Большое достижение самих компаний прежде всего в том, что они не просто пережили кризис, а довольно быстро восстановились. У каждой выручка в конце 2020 года сравнялась с выручкой четвертого квартала 2019 года — или даже превысила ее. Это были настоящие американские горки с провалами, нулевым доходом и резким ростом. Помогло, что кризис не был затяжным. Никого из портфеля мы не потеряли.
— Многие фонды говорили о том, что сфокусировались на период пандемии на поддержке портфельных компаний. Какой может быть такая поддержка?

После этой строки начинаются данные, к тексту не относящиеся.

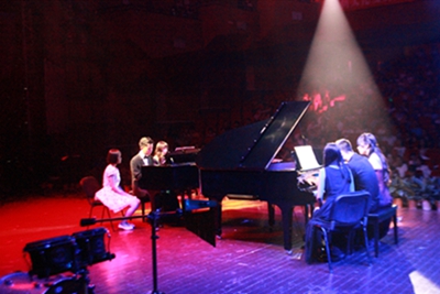 2015年6月23日晚七点半,2015届“致青春、为梦想前行”附中毕业音乐会正式开始。不同以往的音乐会,这次音乐会以出其不意的快闪小乐团形式开场,寓意着附中学子的团结合作精神。新颖的开场让人眼前一亮,在欢呼声与热烈的掌声中,音乐会正式拉开了序幕。四位主持人登场,在饱含深情的开场白后,第二个节目开始了,精彩的民乐重奏彰显了附中人的积极向上,自由创新的精神。而后,更是有炫丽的舞蹈,激烈的斗琴,辉煌的重奏和天籁的歌声。每一个节目都有着精妙的合作,恰时的衔接,优秀的专业素养。伴随着观众们的热情欢呼与表演者们的投入展现,让每一个人无不感受到附中高三学子对于青春活力的完美诠释。在节目最后,所有同学到台上齐唱海阔天空。大家一起欢笑、流泪,相互拥抱、相互感谢、相互祝贺,每个人的心中都充满着不舍,可是却又对未来满怀希望,我们知道,有梦想,我们便会不断前行!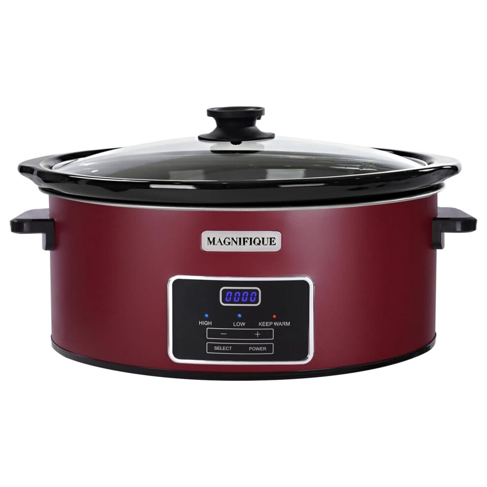 Magnifique 6 Quart Programmable Slow Cooker, Kitchen Appliances, Perfect Kitchen Small Appliance for Family Dinners, Red Stainless Steel
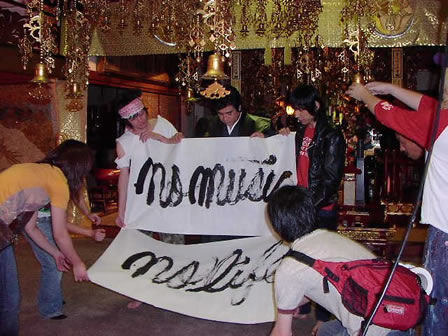 ここでさっきの藤岡さんの“書”が登場! 3人がかりで作品を持ちながら撮影。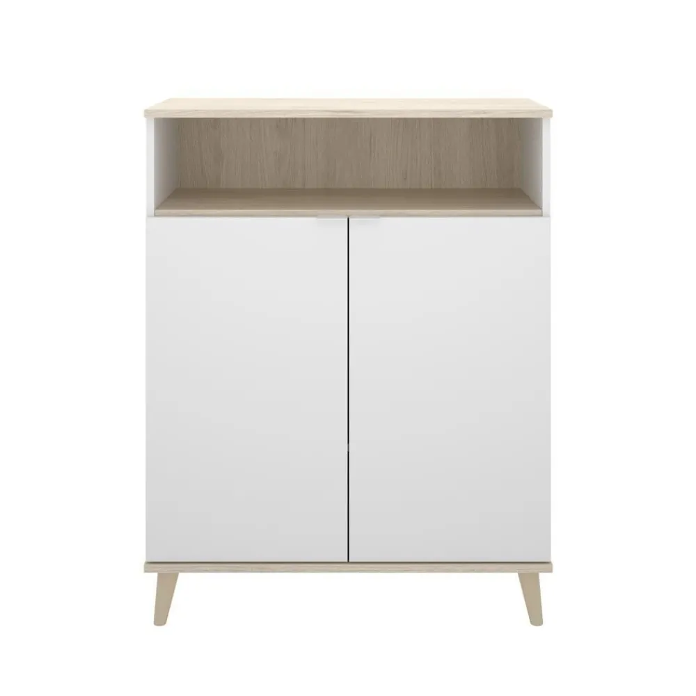 Armario de cocina bajo con dos puertas y un hueco. Muy funcional para tener la vajilla siempre a mano en nuestra cocina. Diseño de tipo nórdico gracias a su acabado en blanco combinado con natural, cambia la decoración de tu cocina por muy poco dinero.
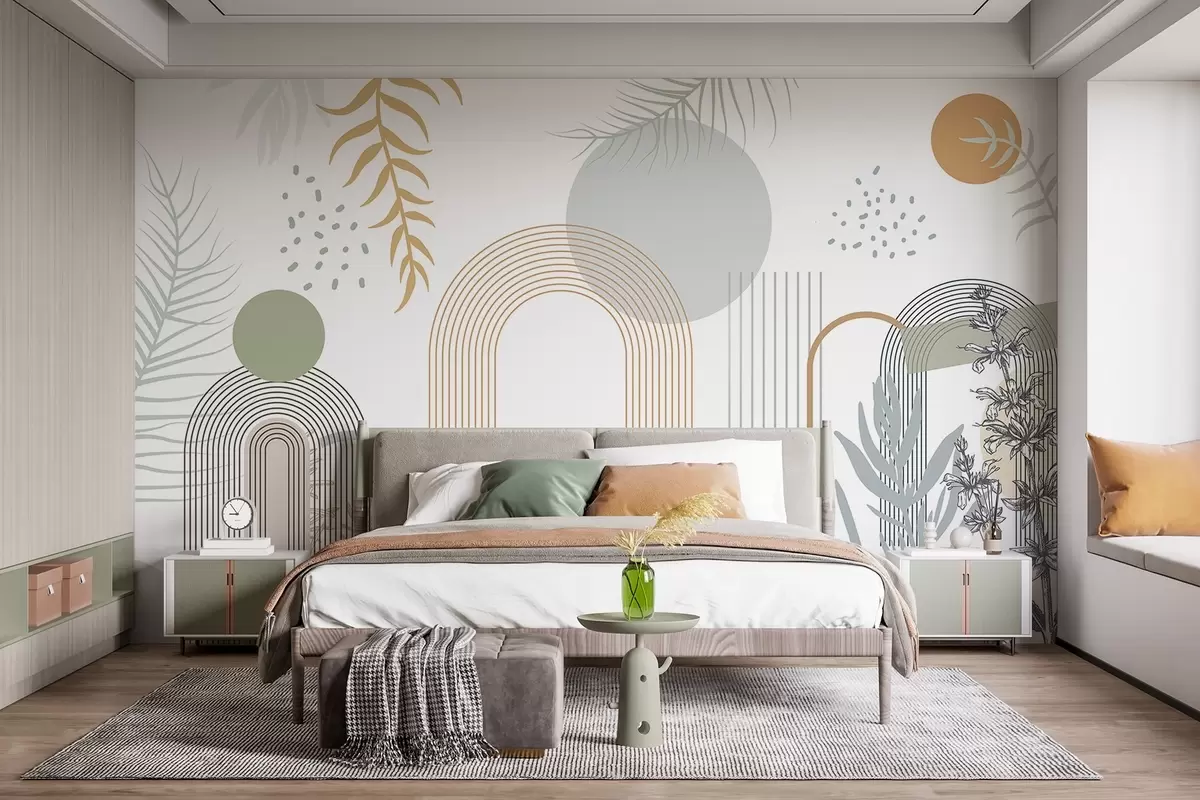 Valokuvatapetti Abstrakti tuloste, jossa on geometrisia muotoja, kaaria ja trooppisia lehtiä valkoisella pohjalla Nr w08835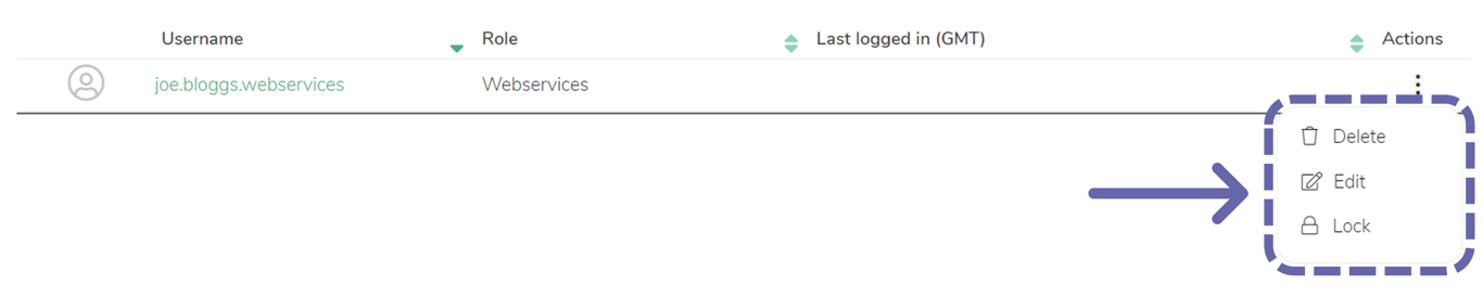 Navigate to the Manage API users page and locate the user in the table displayed (you can use the search tool to filter down this list).

— Первое: экстренный сбор совета директоров и обсуждение дальнейших действий. Основатели обычно не хотят рубить косты на маркетинг и R&D перед кризисами, потому что боятся проиграть конкурентам, которые этого делать не станут. Задача СД в такой ситуации — оценить глубину возможного кризиса, спустить фаундеров на землю и выбрать стратегию поведения. Ведь если кризис окажется глубоким, а компания потратит все средства, она может из него не выйти. А конкуренты, которые сократят затраты, справятся с этим.
Представь, перед тобой овраг и туман, вперед видно на расстоянии вытянутой руки, а ты можешь прыгнуть только на полтора-два метра. Ты разбегаешься, и нужно решить — остановиться или все-таки прыгать. У стартапов так же, и важно, чтобы кто-то принял решение. От него зависит будущее компании.
Как еще инвестор может помочь? Сказать, что он точно поддержит стартап деньгами, если будут проблемы. С этой поддержкой компания потом пойдет в рынок, и основатель cможет пообещать внешним инвесторам, что текущие верят в его проект и им будет к кому присоединяться в раунде. Без этого привлечь внешний раунд очень сложно.
При этом вовсе не обязательно, что такой раунд в итоге произойдет и текущему инвестору придется вкладываться — компания сама в этом не заинтересована, потому что в этом случае она точно не поднимет деньги с большим ростом капитализации. Скорее всего, это будет плоский или down-раунд, и фаундеры размоются. К этому они прибегнут в крайнем случае.
— В прошлом году вы очень активно вкладывались в новые компании и даже стали победителем ежегодной национальной премии «Венчурный инвестор». Как вы смогли сохранить такие темпы?
— Первая и самая главная причина — когда мы подошли к кризису, у нас было проинвестировано меньше половины фонда. А у кого есть деньги, тот и заказывает музыку. Тем более, в период пандемии стартапы более склонны пускать к себе в капитал фонды по более низкой оценке.
Второе — наш подход к инвестициям. Исторически венчурный бизнес построен на выборе правильных команд. Чтобы быть ближе к фаундерам, американские фонды инвестируют в своих штатах. Это принцип «вкладываем туда, куда можно доехать на машине за два часа».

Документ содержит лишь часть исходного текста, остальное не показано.